Question: Consider the function f(x) = 2x^3 - 5x^2 + 3x + 1. This represents the position of an object moving along the x-axis at time t. The derivative of this function, f'(x), represents the velocity of the object.
a) Find the net change of the object's position from x = 1 to x = 5. b) Determine the position at t = 0, and find the total accumulation of the object's position from t = 0 to t = 3.
Answer:
a) To find the net change of the object's position from x = 1 to x = 5, we need to calculate the definite integral of f'(x) from x = 1 to x = 5.

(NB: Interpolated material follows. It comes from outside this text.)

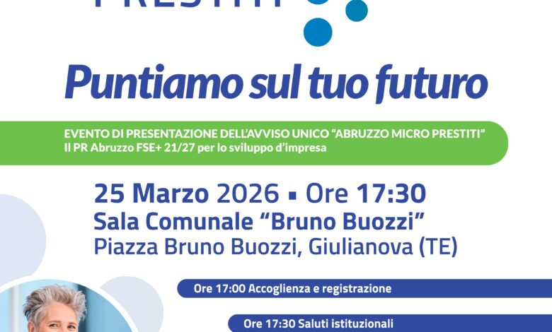 Giulianova. Domani, 25 marzo alle ore 17:30 nella Sala Comunale “Bruno Buozzi”, si terrà la presentazione ufficiale del programma “Abruzzo Micro Prestiti”, una nuova e significativa misura per donne e giovani imprenditori finanziata nell’ambito del FSE Plus Abruzzo 2021/2027.

First, let's find f'(x), which represents the velocity of the object: f'(x) = d/dx(2x^3 - 5x^2 + 3x + 1) = 6x^2 - 10x + 3
Now, we can calculate the definite integral of f'(x) from x = 1 to x = 5: Net change = ∫(a to b) f'(x) dx = ∫(1 to 5) (6x^2 - 10x + 3) dx
Taking the anti-derivative of each term: Net change = [2x^3 - 5x^2 + 3x] (1 to 5) = [(2(5)^3 - 5(5)^2 + 3(5)) - (2(1)^3 - 5(1)^2 + 3(1))]
Simplifying: Net change = [(250 - 125 + 15) - (2 - 5 + 3)] = [140 - 0] = 140 units (Answer)
Therefore, the net change of the object's position from x = 1 to x = 5 is 140 units.
b) To find the position at t = 0, we need to evaluate f(0), which will give us the initial position of the object.
f(x) = 2x^3 - 5x^2 + 3x + 1 f(0) = 2(0)^3 - 5(0)^2 + 3(0) + 1 = 0 - 0 + 0 + 1 = 1
Therefore, the position at t = 0 is 1 unit.
To find the total accumulation of the object's position from t = 0 to t = 3, we need to calculate the definite integral of f(x) from t = 0 to t = 3.
Total Accumulation = ∫(a to b) f(x) dx = ∫(0 to 3) (2x^3 - 5x^2 + 3x + 1) dx
Taking the anti-derivative of each term: Total Accumulation = [∫ 2x^3 dx - ∫ 5x^2 dx + ∫ 3x dx + ∫ 1 dx] (0 to 3) = [(2/4)x^4 - (5/3)x^3 + (3/2)x^2 + x] (0 to 3)
Substituting x = 3: Total Accumulation = [(2/4)(3)^4 - (5/3)(3)^3 + (3/2)(3)^2 + 3] - [(2/4)(0)^4 - (5/3)(0)^3 + (3/2)(0)^2 + 0]
Simplifying: Total Accumulation = [(2/4)(81) - (5/3)(27) + (3/2)(9) + 3] - [0 - 0 + 0 + 0] = [40.5 - 45 + 13.5 + 3] - [0] = 52 units (Answer)
Therefore, the total accumulation of the object's position from t = 0 to t = 3 is 52 units.